──────── Information shown ────────
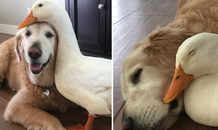 Barclay The Golden Retriever Befriended A Duck And They Are Inseparable Besties.
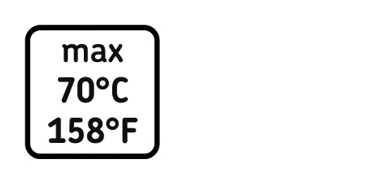 Dit symbool laat zien tot welke temperatuur het servies kan. In dit voorbeeld staat er 70 °C; dat betekent dat het servies hittebestendig is tot deze temperatuur. Soms wordt de temperatuur ook in Fahrenheit aangegeven.
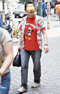 シャツの着こなしが、下に着たアイテムが見えるように重ね着スタイルのもの。色や素材、柄の有無、袖丈などは問わない。
────────
▶ _How to complete this task_:
Copy the listing over exactly, skipping the pictures it holds.

▶ _Result_:
 Barclay The Golden Retriever Befriended A Duck And They Are Inseparable Besties.
 Dit symbool laat zien tot welke temperatuur het servies kan. In dit voorbeeld staat er 70 °C; dat betekent dat het servies hittebestendig is tot deze temperatuur. Soms wordt de temperatuur ook in Fahrenheit aangegeven.
 シャツの着こなしが、下に着たアイテムが見えるように重ね着スタイルのもの。色や素材、柄の有無、袖丈などは問わない。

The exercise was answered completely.